I think he forgot step 1, which would be to get Bush and Cheney out of office.
How Many GI's for Kirkuk Oil?
Does the USG have a position on whether the previous or the current ethnic cleansing of Kirkuk should prevail, or whether Jaafari's plan to put the question on hold should see the light of day?
Given that whoever holds the oil fields will have an incentive to produce and market the oil, how many US soldiers is it worth to maintain our ability to convince ourselves that we can control the outcome?
Is Sauce from the Joost Sauce for the Gander?
Prof. Hilterman's 4 step plan is easy listening for the distant observer and the religiously lightly-observant. Does it provide sufficient glue to bind a nascent Iraqi government?

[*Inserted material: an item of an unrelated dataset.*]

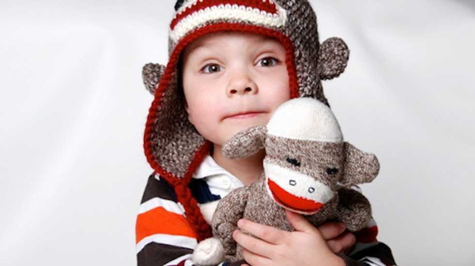 [Image: I'm a sock monkey too! 4-year-old with his favorite sock monkey via Shutterstock]

Would he recommend a similar plan to the American people? E.g.,
--switching to a non-violent response to 9/11 and any follow-on attacks?
--formation of a government of national unity, with Democrats, independents, Greens, feminists, and other significant trends given positions of authority in the USG?
--revise the constitution to provide more democratic representation, such as reducing the number of Senators from small states and adding to the number from larger states? (And if sectarian groups should be treated equally, why shouldn't the provinces in Kurdish areas relate each separately to the federation instead of jointly as the sole exception to the no-region rule?)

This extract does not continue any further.